Das Wichtigste in Kürze

  • Zum Ausbildungsstart 2026 gilt eine gesetzliche Mindestvergütung von 724 Euro im ersten Ausbildungsjahr – sie steigt bis zum vierten Jahr auf 1.014 Euro.
  • Mit dem ersten Gehalt wirst du eigenes Mitglied der Krankenkasse – die beitragsfreie Familienversicherung endet.
  • Vom Bruttogehalt gehen Sozialabgaben ab; Lohnsteuer fällt bei typischen Azubi-Gehältern in Steuerklasse I meist nicht an.
  • Drei Dinge lohnen sich sofort: ein kostenloses Girokonto, eine private Haftpflichtversicherung (oft noch über die Eltern) und ein kleiner Notgroschen.

Der 1. September ist für hunderttausende junge Menschen der erste Arbeitstag – und der Moment, in dem Finanzen plötzlich real werden. Zum Ausbildungsstart kommen erstes Gehalt, erste Abzüge und erste Verträge zusammen. Dieser Ratgeber sortiert, was Azubis 2026 wirklich brauchen: vom Konto über Versicherungen bis zu den Förderungen, die viele liegen lassen.

Ausbildungsvergütung 2026: das steht dir mindestens zu

Seit 2020 gibt es eine gesetzliche Untergrenze für die Ausbildungsvergütung. Wer 2026 eine Ausbildung beginnt, bekommt im ersten Jahr mindestens 724 Euro brutto im Monat.

In den Folgejahren steigt die Mindestvergütung automatisch: auf 854 Euro im zweiten, 977 Euro im dritten und 1.014 Euro im vierten Ausbildungsjahr. Gilt in deinem Betrieb ein Tarifvertrag, kann die Vergütung davon abweichen – meist liegt sie deutlich darüber.

Die Beträge gelten für duale Ausbildungen nach Berufsbildungsgesetz und Handwerksordnung. Rein schulische Ausbildungen, etwa in vielen Pflege- und Sozialberufen alter Ordnung, fallen nicht darunter.

Brutto und Netto: was vom ersten Gehalt übrig bleibt

Auch Azubis zahlen Sozialversicherungsbeiträge: Renten-, Kranken-, Pflege- und Arbeitslosenversicherung. Zusammen geht damit grob ein Fünftel vom Brutto ab.

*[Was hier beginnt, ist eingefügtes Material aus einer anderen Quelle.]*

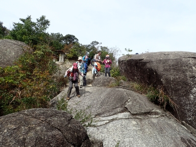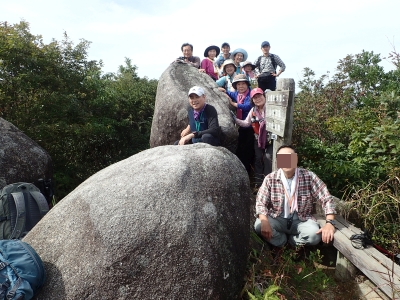 山頂は開けているが狭いので長居はできない。集合写真を撮ったらさっさっと降りて上宮でランチタイムとした。登山者は、ぼちぼちとやってくる。人気はあるようだ。
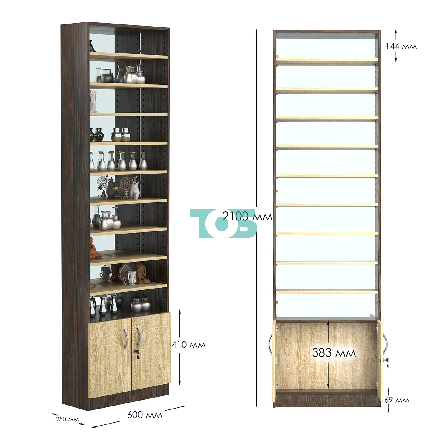 - нижний отсек закрыт распашными дверками с врезным замком;
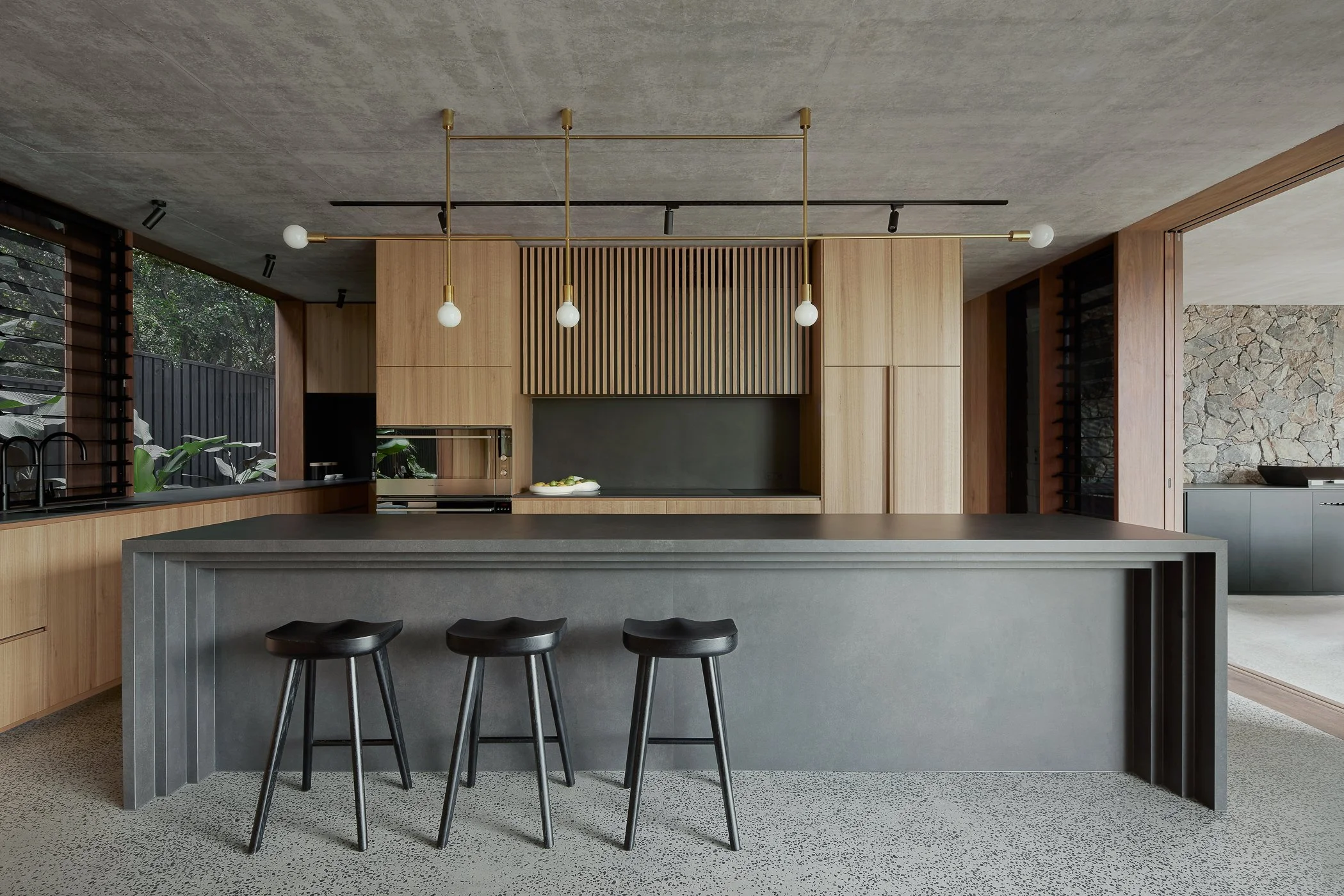 A strong emphasis on the landscape dominates the experience with the house itself, complimented by the muted tones of the built form, having prioritised natural materials along with the highly detailed concrete. All materials are intended to age gracefully in time as the landscape matures, yielding a living experience that is increasingly less about the building and more about the memory of the place itself.
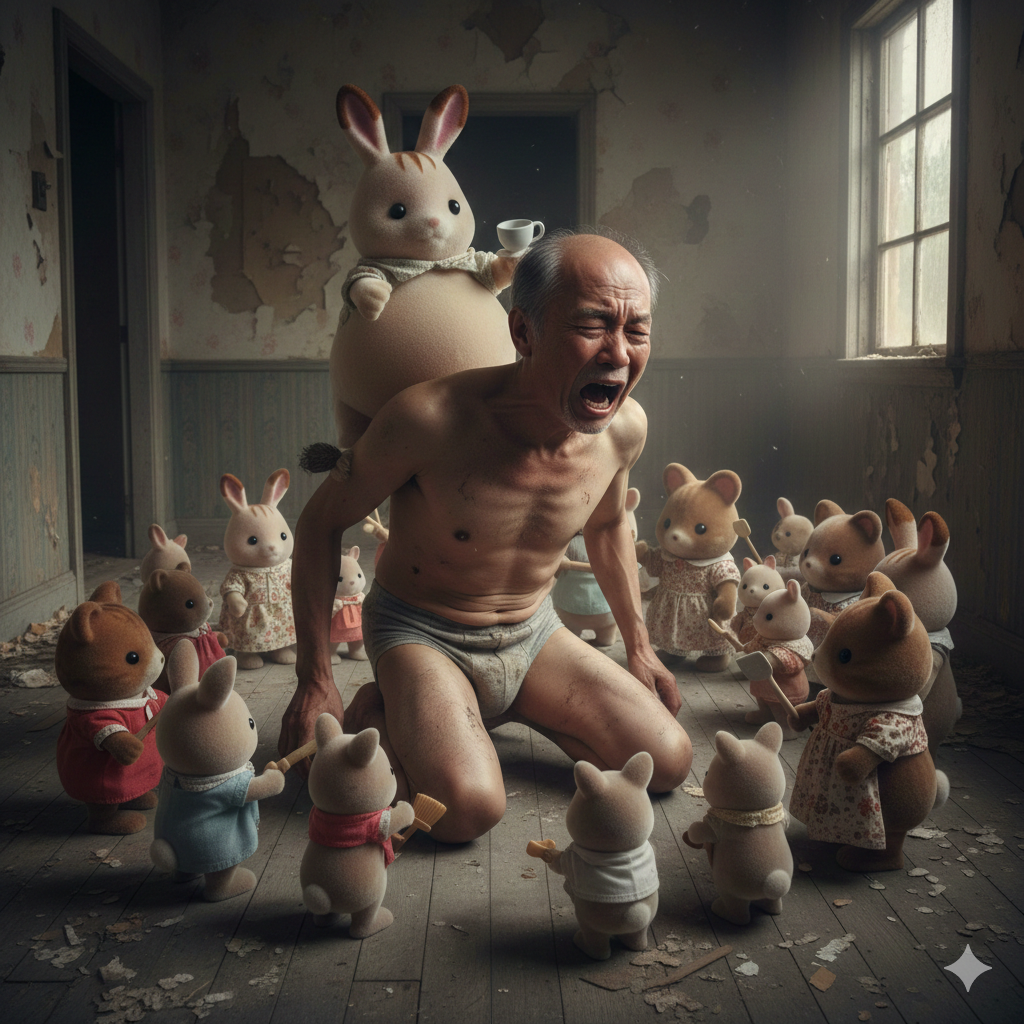 【画像:AI製シルバニアファミリーに怯える老人。】
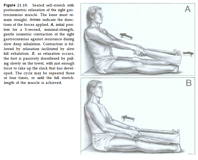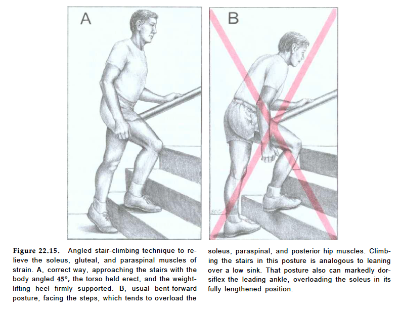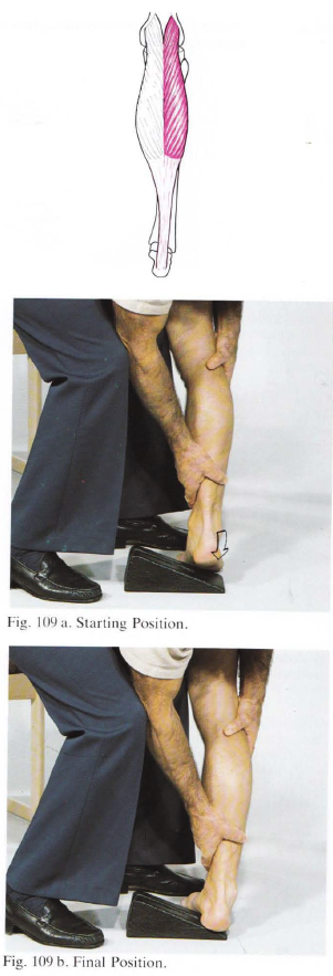 A severe ankle dorsiflexion force may result in an injury of the muscle, commonly referred to as a "torn" or "strained" calf muscle, which is acutely painful and disabling. The gastrocnemius muscle may also become inflamed due to overuse. Anti-inflammatory medications and physical therapy (heat, massage, and stretching) may be useful.
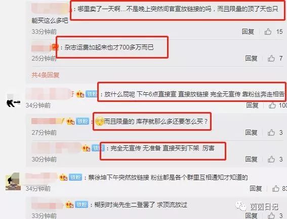 也有粉丝直接道出了真相“下午6点直接宣 直接放链接 完全无宣传 靠粉丝奔走相告”,而且说是完全没有任何宣传直接买断货,不是一天只买了3万,下架后就改为了“杂志运费加起来也才700多万而已”。
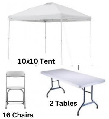 Our 16 Person Tent Package is the perfect set-up for backyard parties, or any party. It's seats 16 people comfortably, and we set it up and take it down!
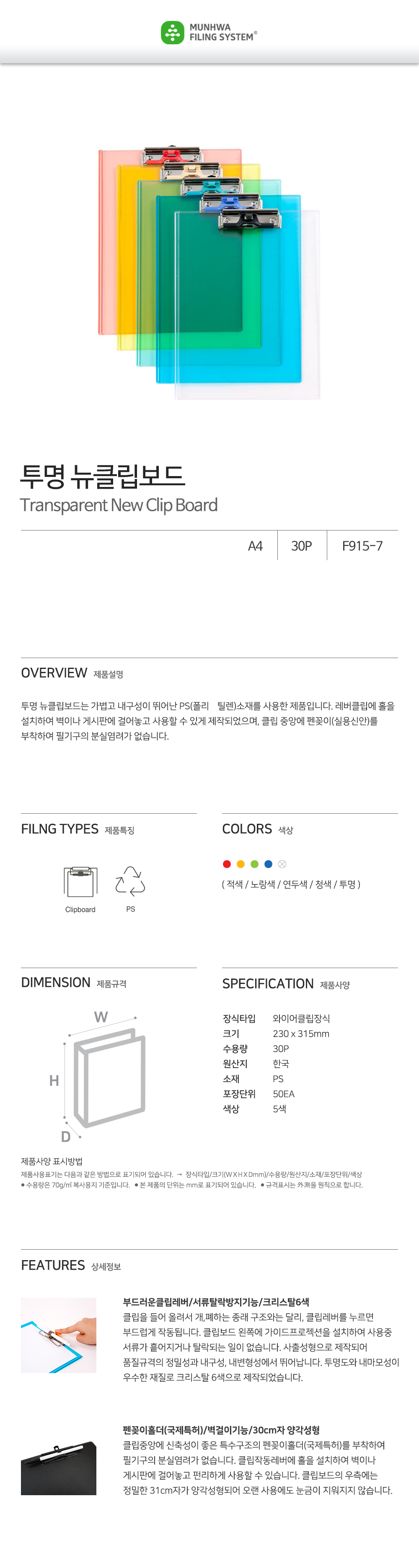 The Munhwa File Transparent New Clipboard is a high-quality organizing tool crafted from premium PS (Polystyrene), offering a perfect balance of lightweight portability and exceptional durability. Designed for professionals, students, and industrial sites, this clipboard ensures your documents stay secure while providing a smooth writing surface anywhere you go.
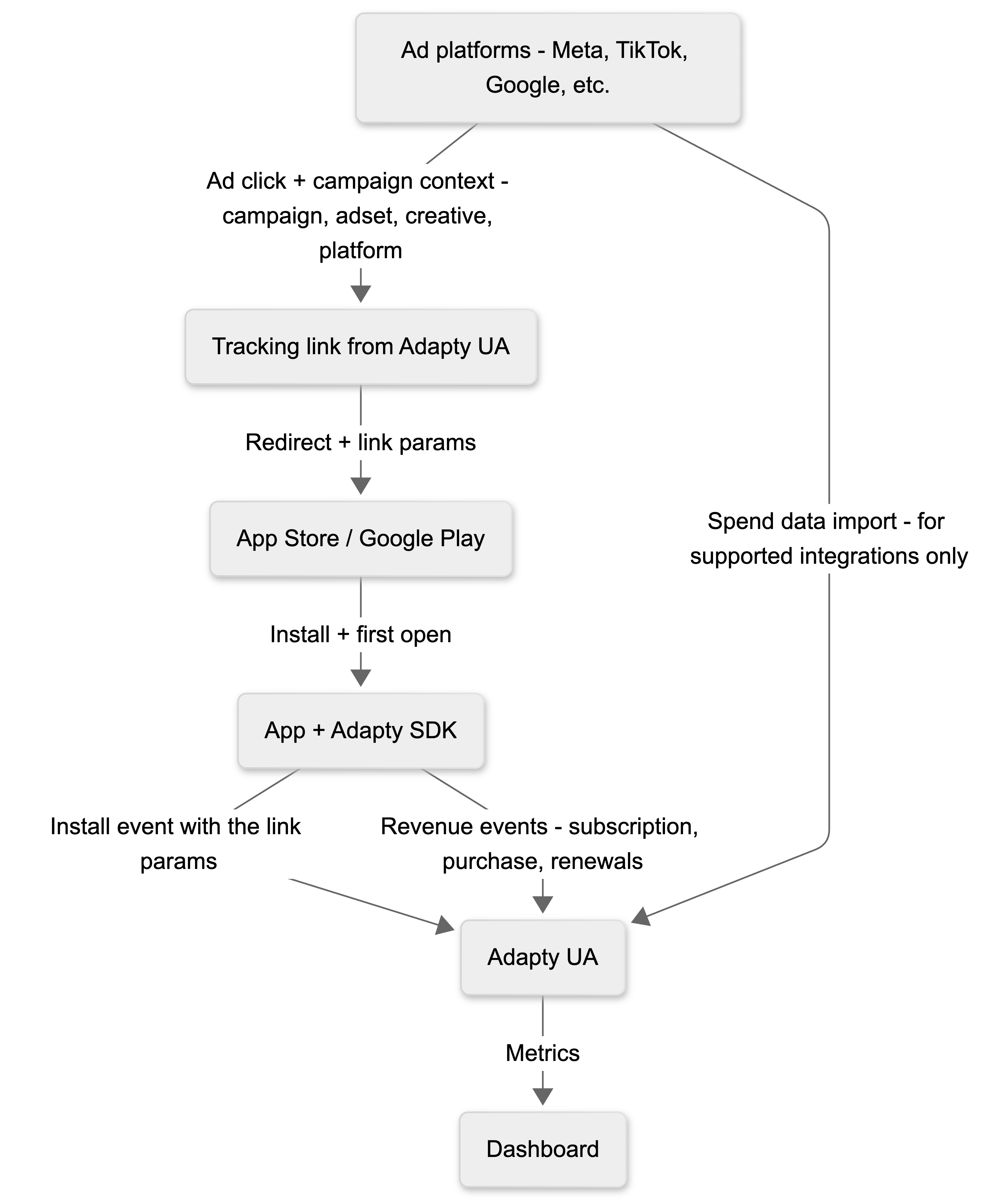 Adapty User Acquisition attributes app installs and subscription revenue to ad campaigns by combining data from ad platforms, tracking links, and your app.
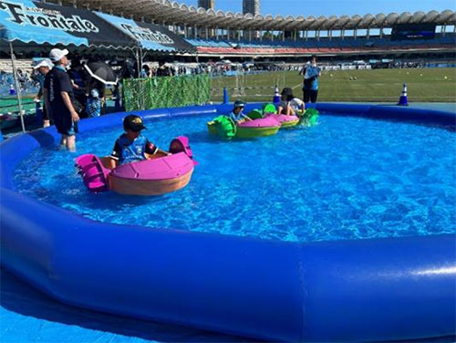 巨大プールに張った水の上で涼みながら、パドルボートで駆け回ろう!!
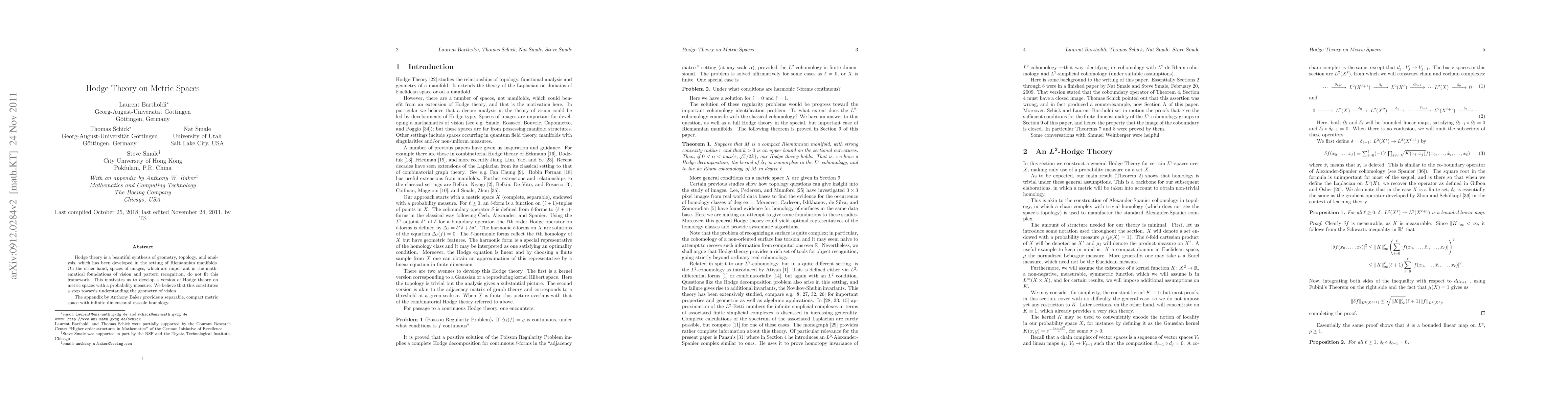 This paper develops a version of Hodge theory on metric spaces equipped with a probability measure, aiming to extend its applications to the geometry of vision and pattern recognition. An appendix by Anthony Baker presents a separable, compact metric space with infinite-dimensional α-scale homology.
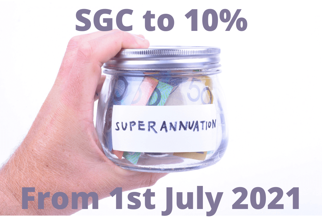 Super Guarantee Contribution rate increases from 9.5% to 10%. The rate will increase again to 10.5% from July 1, 2022 and 11% from July 1,
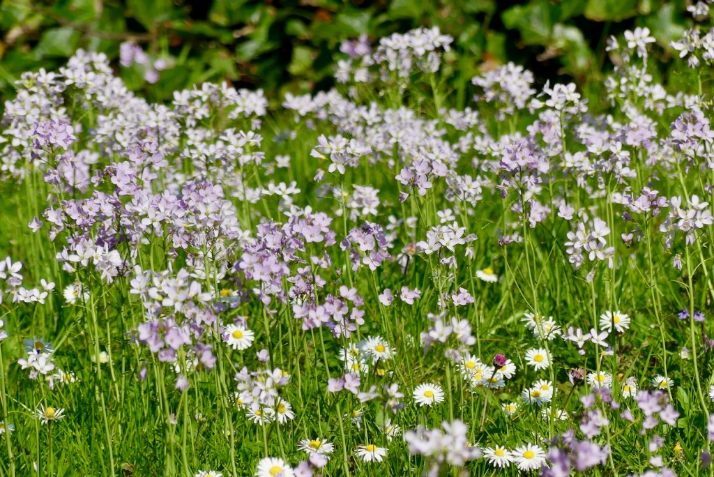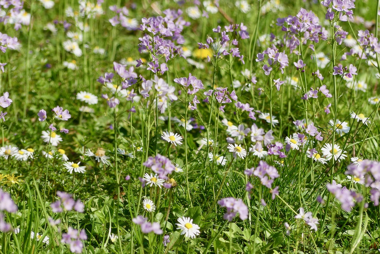 Gleich daneben ein Blütenmeer aus Wiesenschaumkraut und Gänseblümchen.
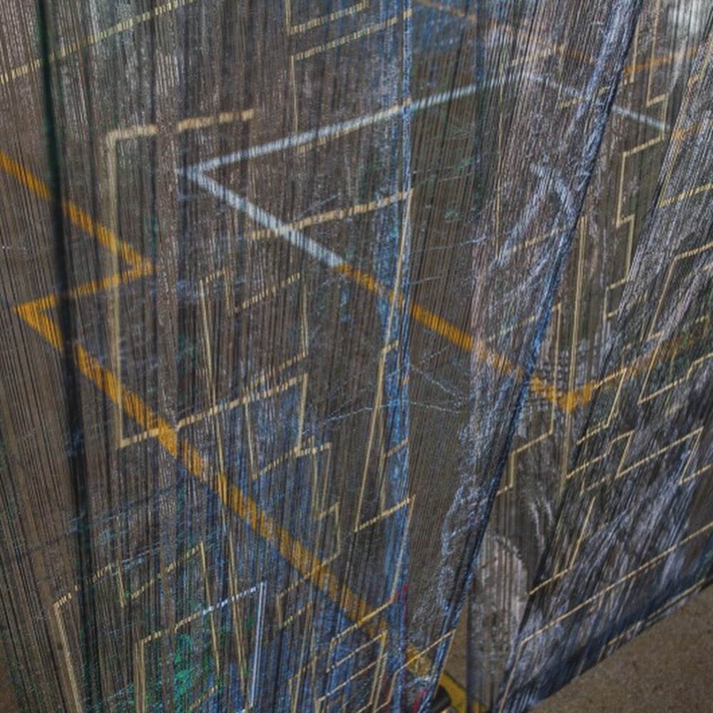 En este marco, Artefacto para urdir un destelar, instalación de Leyla Cárdenas, se despliega en el antiguo edificio de Coltabaco con telas semitransparentes sublimadas y parcialmente destramadas, configurando un sistema espacial donde fibras, paisajes e imágenes industriales convergen en un bucle de tiempo y memoria.

Lohnsteuer trifft dich dagegen selten: Bei typischen Vergütungen bleibt in Steuerklasse I der monatliche Lohn unter der Schwelle, ab der überhaupt Steuer einbehalten wird. Was genau bei dir übrig bleibt, zeigt der Brutto-Netto-Rechner.

Eine Besonderheit schützt Geringverdiener: Liegt die Vergütung bei höchstens 325 Euro im Monat, trägt der Betrieb die Sozialbeiträge komplett allein. Das betrifft vor allem einzelne Sonderfälle wie Praktika mit geringer Vergütung.

Das richtige Konto zum Ausbildungsstart

Dein Gehalt braucht ein eigenes Girokonto – spätestens zum Ausbildungsstart. Viele Banken bieten für Azubis und junge Leute dauerhaft gebührenfreie Modelle, teils mit Startguthaben.

Achte auf drei Punkte: keine Kontoführungsgebühr, eine kostenlose Karte und gebührenfreies Geldabheben in deiner Umgebung. Passende Angebote findest du im Ratgeber kostenloses Girokonto; wer Prämien mitnehmen will, schaut zusätzlich in den Ratgeber Girokonto-Prämie.

Krankenkasse: ab jetzt bist du selbst Mitglied

Mit dem ersten Ausbildungstag endet die beitragsfreie Familienversicherung über deine Eltern. Du wirst pflichtversichertes Mitglied einer gesetzlichen Krankenkasse – und darfst sie selbst auswählen.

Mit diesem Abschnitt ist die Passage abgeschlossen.